• Data shown:
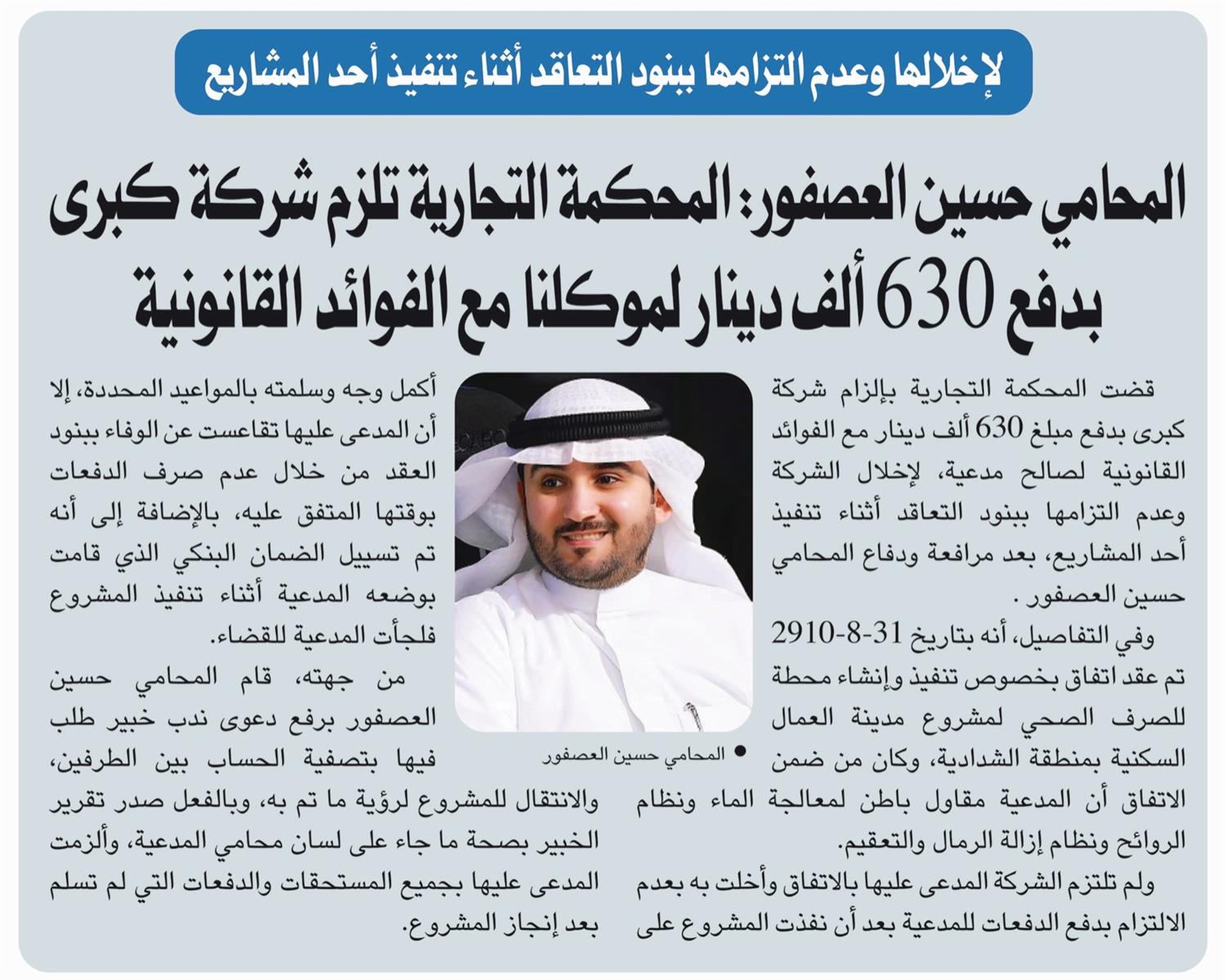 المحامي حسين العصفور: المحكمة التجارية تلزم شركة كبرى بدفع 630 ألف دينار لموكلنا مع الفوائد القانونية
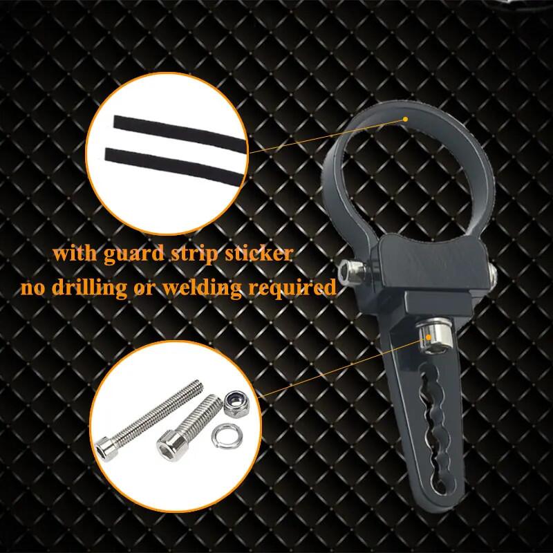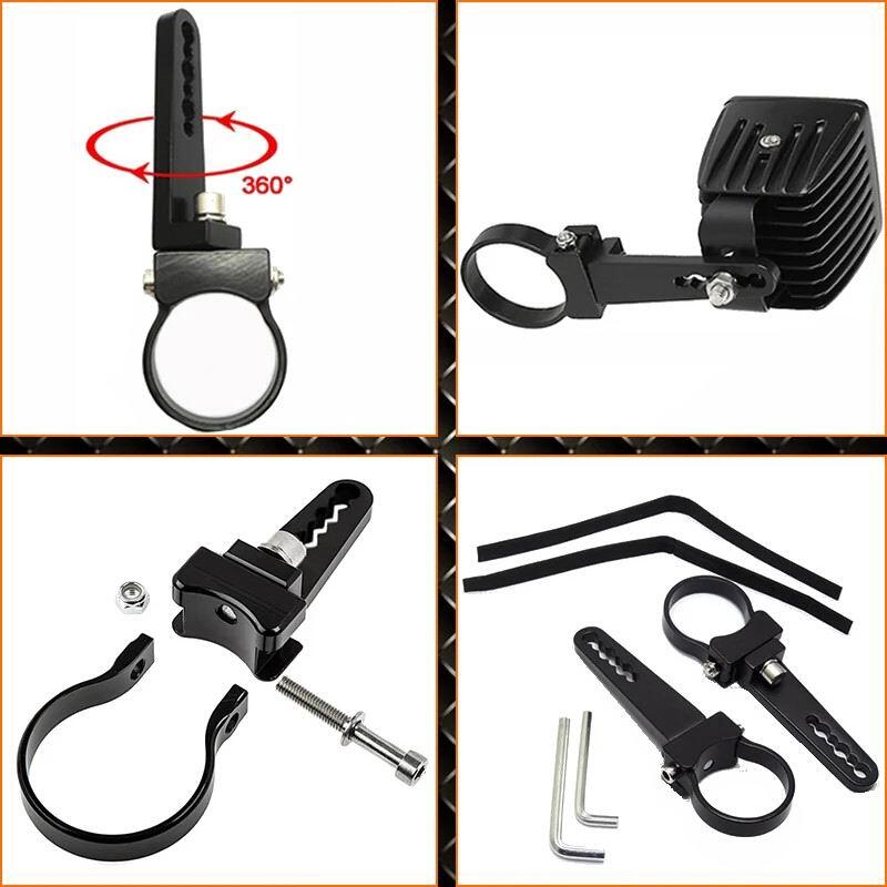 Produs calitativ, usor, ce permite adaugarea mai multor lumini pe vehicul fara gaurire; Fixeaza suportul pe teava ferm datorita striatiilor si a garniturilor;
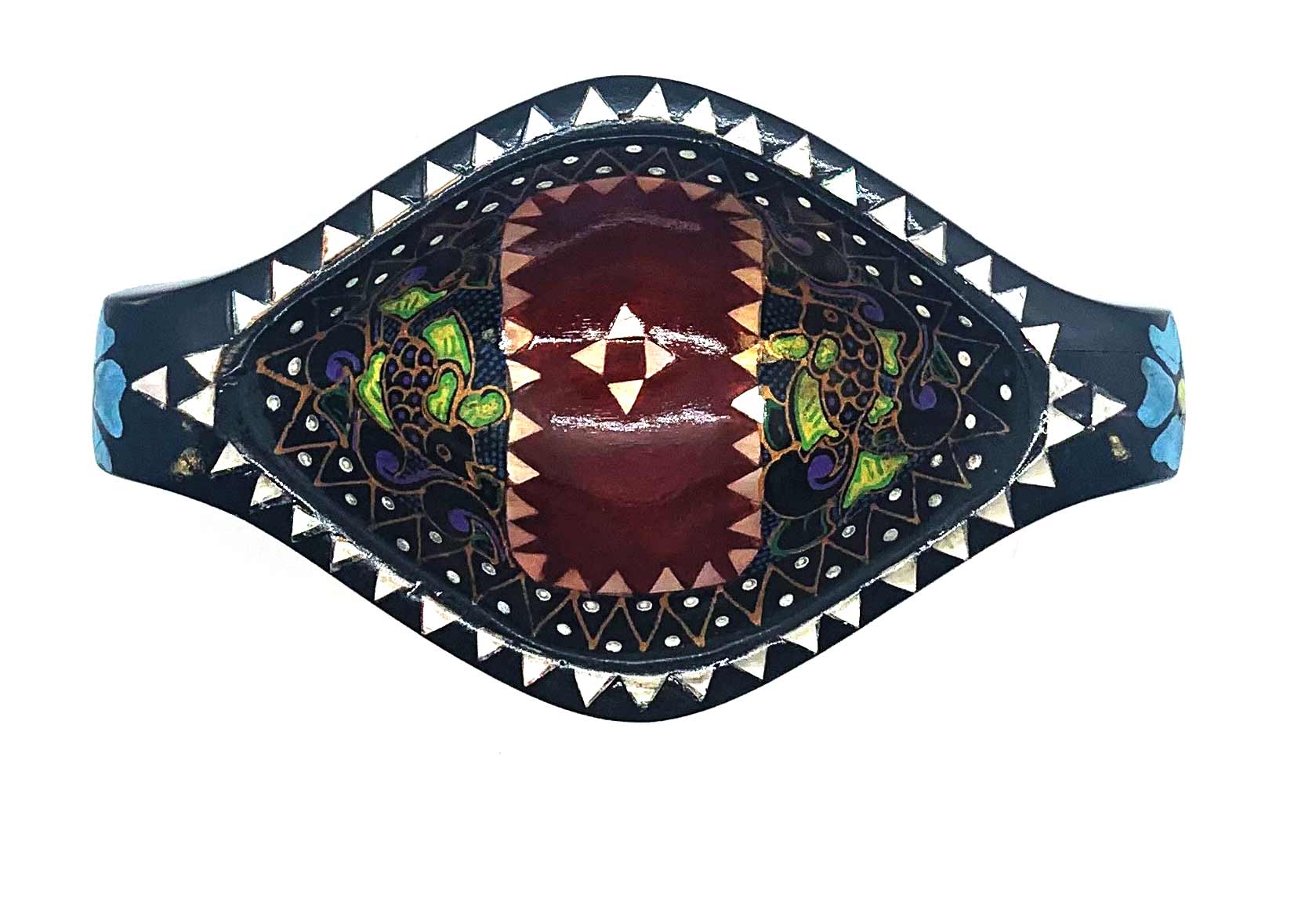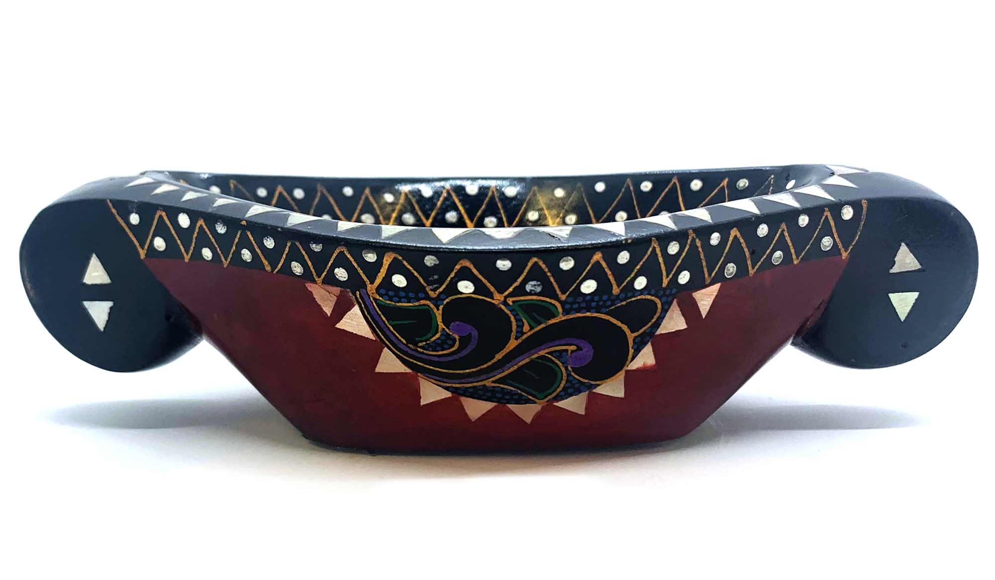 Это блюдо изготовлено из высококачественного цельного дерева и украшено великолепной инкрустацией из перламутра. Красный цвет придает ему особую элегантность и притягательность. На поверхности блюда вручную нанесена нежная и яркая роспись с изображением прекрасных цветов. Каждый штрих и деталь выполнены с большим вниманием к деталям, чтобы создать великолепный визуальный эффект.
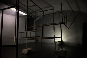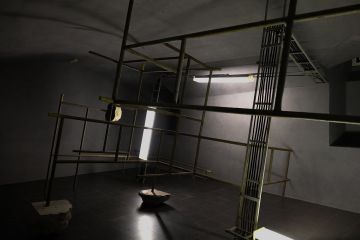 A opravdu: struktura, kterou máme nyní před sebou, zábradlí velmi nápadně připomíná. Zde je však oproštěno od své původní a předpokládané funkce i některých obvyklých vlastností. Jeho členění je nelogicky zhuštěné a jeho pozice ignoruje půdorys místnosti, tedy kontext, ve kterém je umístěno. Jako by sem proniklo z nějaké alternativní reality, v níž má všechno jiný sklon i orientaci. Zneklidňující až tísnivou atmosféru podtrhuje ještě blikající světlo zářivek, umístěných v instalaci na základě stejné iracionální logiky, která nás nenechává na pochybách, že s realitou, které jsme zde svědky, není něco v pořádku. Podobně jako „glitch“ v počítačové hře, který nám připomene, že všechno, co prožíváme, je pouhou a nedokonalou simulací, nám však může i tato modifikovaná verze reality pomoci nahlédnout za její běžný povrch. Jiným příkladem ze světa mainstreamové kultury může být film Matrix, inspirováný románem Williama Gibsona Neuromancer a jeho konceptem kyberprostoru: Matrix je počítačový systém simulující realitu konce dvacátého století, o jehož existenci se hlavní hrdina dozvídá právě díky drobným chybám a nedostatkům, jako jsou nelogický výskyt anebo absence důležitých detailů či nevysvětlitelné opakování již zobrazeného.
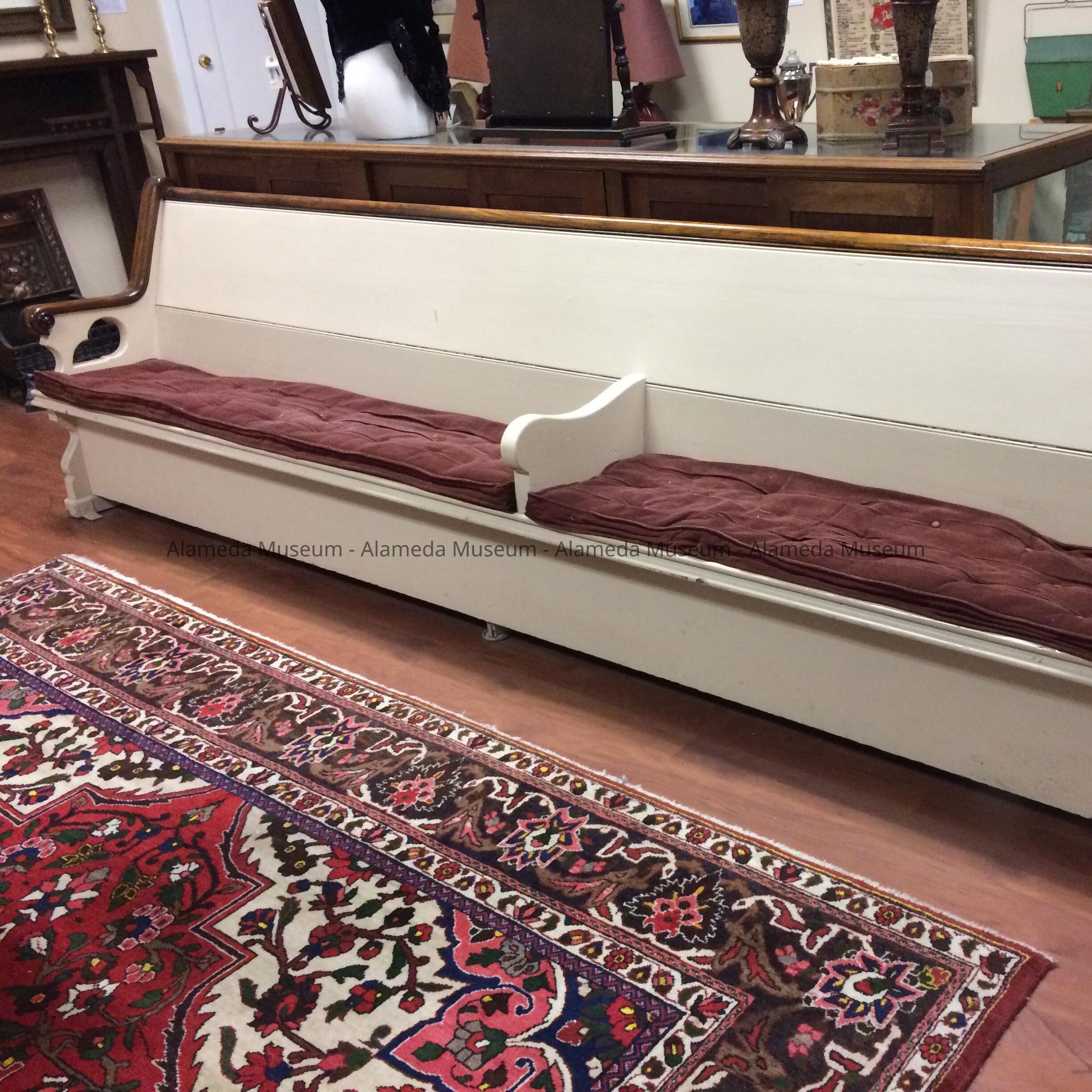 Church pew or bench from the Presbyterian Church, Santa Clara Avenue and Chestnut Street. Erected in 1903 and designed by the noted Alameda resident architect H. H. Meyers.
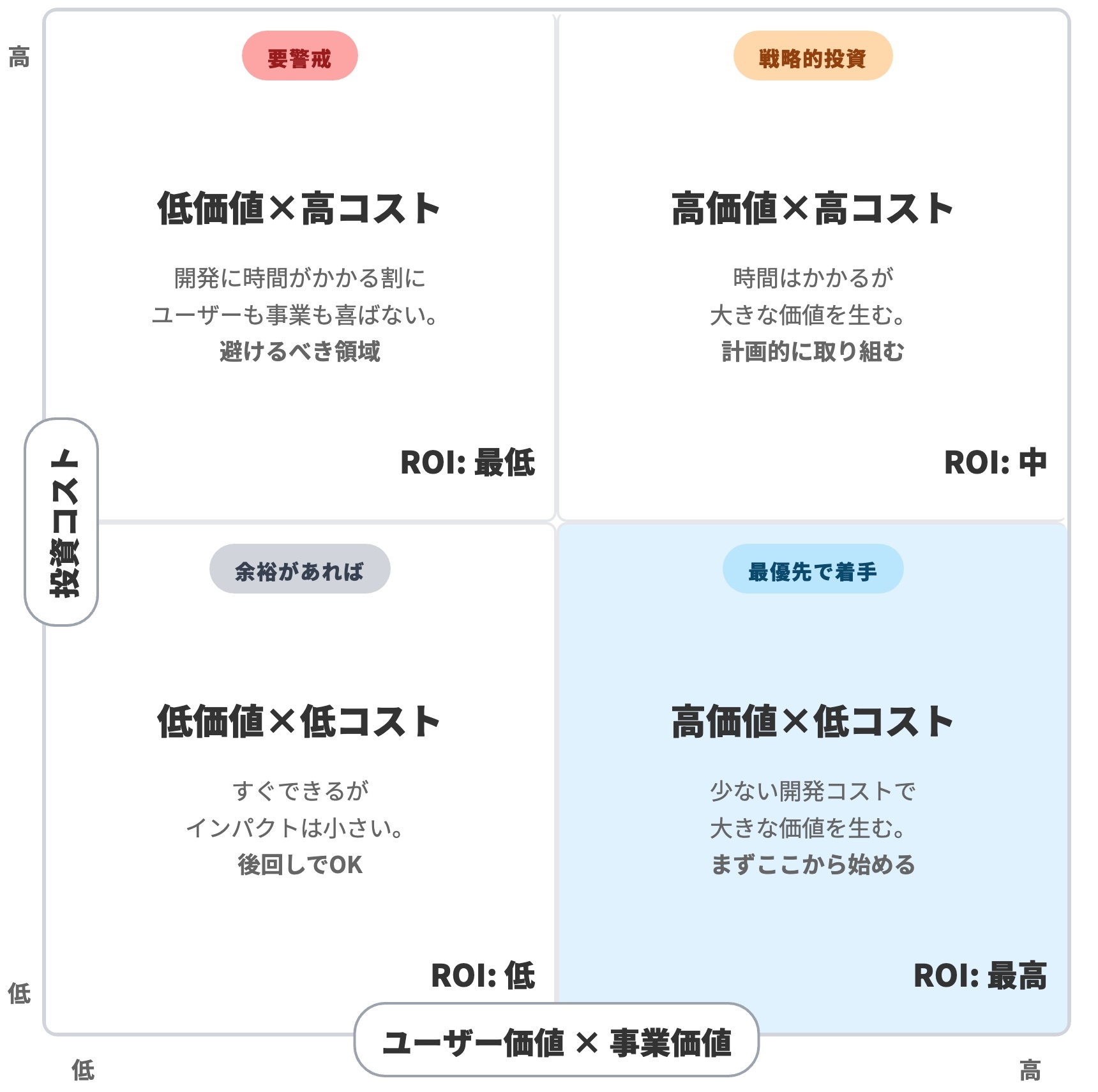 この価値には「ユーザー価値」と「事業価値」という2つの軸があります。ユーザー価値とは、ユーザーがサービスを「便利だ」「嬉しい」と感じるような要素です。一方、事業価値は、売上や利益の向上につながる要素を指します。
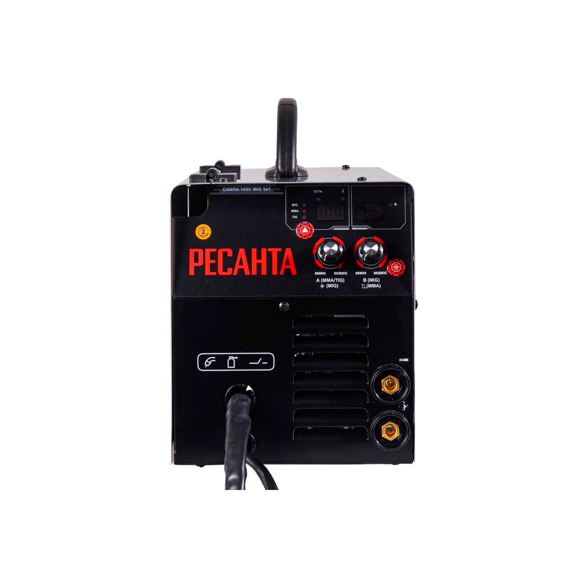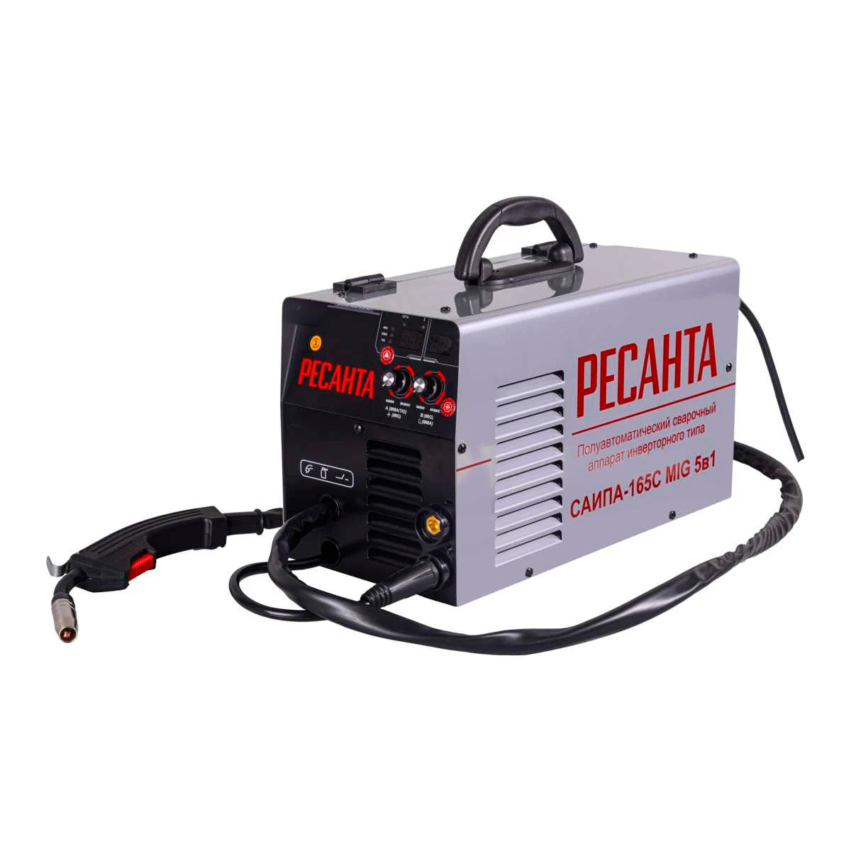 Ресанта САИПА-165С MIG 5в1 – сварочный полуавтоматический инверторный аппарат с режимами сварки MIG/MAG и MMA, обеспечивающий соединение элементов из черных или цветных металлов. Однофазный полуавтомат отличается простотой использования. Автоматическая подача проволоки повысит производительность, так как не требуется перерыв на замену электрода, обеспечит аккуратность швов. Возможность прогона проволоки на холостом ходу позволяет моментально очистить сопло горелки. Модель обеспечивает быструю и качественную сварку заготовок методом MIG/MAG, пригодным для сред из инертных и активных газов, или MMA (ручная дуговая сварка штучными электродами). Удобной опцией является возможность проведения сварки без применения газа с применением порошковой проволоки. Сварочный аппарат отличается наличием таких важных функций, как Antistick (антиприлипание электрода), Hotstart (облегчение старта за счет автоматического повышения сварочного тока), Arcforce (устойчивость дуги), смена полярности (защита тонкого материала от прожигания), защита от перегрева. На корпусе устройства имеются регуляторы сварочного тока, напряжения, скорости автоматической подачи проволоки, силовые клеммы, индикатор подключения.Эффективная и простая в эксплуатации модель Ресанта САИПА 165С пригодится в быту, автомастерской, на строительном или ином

• Instructions for the task: For each record, return its text exactly and leave any picture out.

• Task answer:
 المحامي حسين العصفور: المحكمة التجارية تلزم شركة كبرى بدفع 630 ألف دينار لموكلنا مع الفوائد القانونية
 Produs calitativ, usor, ce permite adaugarea mai multor lumini pe vehicul fara gaurire; Fixeaza suportul pe teava ferm datorita striatiilor si a garniturilor;
 Это блюдо изготовлено из высококачественного цельного дерева и украшено великолепной инкрустацией из перламутра. Красный цвет придает ему особую элегантность и притягательность. На поверхности блюда вручную нанесена нежная и яркая роспись с изображением прекрасных цветов. Каждый штрих и деталь выполнены с большим вниманием к деталям, чтобы создать великолепный визуальный эффект.
 A opravdu: struktura, kterou máme nyní před sebou, zábradlí velmi nápadně připomíná. Zde je však oproštěno od své původní a předpokládané funkce i některých obvyklých vlastností. Jeho členění je nelogicky zhuštěné a jeho pozice ignoruje půdorys místnosti, tedy kontext, ve kterém je umístěno. Jako by sem proniklo z nějaké alternativní reality, v níž má všechno jiný sklon i orientaci. Zneklidňující až tísnivou atmosféru podtrhuje ještě blikající světlo zářivek, umístěných v instalaci na základě stejné iracionální logiky, která nás nenechává na pochybách, že s realitou, které jsme zde svědky, není něco v pořádku. Podobně jako „glitch“ v počítačové hře, který nám připomene, že všechno, co prožíváme, je pouhou a nedokonalou simulací, nám však může i tato modifikovaná verze reality pomoci nahlédnout za její běžný povrch. Jiným příkladem ze světa mainstreamové kultury může být film Matrix, inspirováný románem Williama Gibsona Neuromancer a jeho konceptem kyberprostoru: Matrix je počítačový systém simulující realitu konce dvacátého století, o jehož existenci se hlavní hrdina dozvídá právě díky drobným chybám a nedostatkům, jako jsou nelogický výskyt anebo absence důležitých detailů či nevysvětlitelné opakování již zobrazeného.
 Church pew or bench from the Presbyterian Church, Santa Clara Avenue and Chestnut Street. Erected in 1903 and designed by the noted Alameda resident architect H. H. Meyers.
 この価値には「ユーザー価値」と「事業価値」という2つの軸があります。ユーザー価値とは、ユーザーがサービスを「便利だ」「嬉しい」と感じるような要素です。一方、事業価値は、売上や利益の向上につながる要素を指します。
 Ресанта САИПА-165С MIG 5в1 – сварочный полуавтоматический инверторный аппарат с режимами сварки MIG/MAG и MMA, обеспечивающий соединение элементов из черных или цветных металлов. Однофазный полуавтомат отличается простотой использования. Автоматическая подача проволоки повысит производительность, так как не требуется перерыв на замену электрода, обеспечит аккуратность швов. Возможность прогона проволоки на холостом ходу позволяет моментально очистить сопло горелки. Модель обеспечивает быструю и качественную сварку заготовок методом MIG/MAG, пригодным для сред из инертных и активных газов, или MMA (ручная дуговая сварка штучными электродами). Удобной опцией является возможность проведения сварки без применения газа с применением порошковой проволоки. Сварочный аппарат отличается наличием таких важных функций, как Antistick (антиприлипание электрода), Hotstart (облегчение старта за счет автоматического повышения сварочного тока), Arcforce (устойчивость дуги), смена полярности (защита тонкого материала от прожигания), защита от перегрева. На корпусе устройства имеются регуляторы сварочного тока, напряжения, скорости автоматической подачи проволоки, силовые клеммы, индикатор подключения.Эффективная и простая в эксплуатации модель Ресанта САИПА 165С пригодится в быту, автомастерской, на строительном или ином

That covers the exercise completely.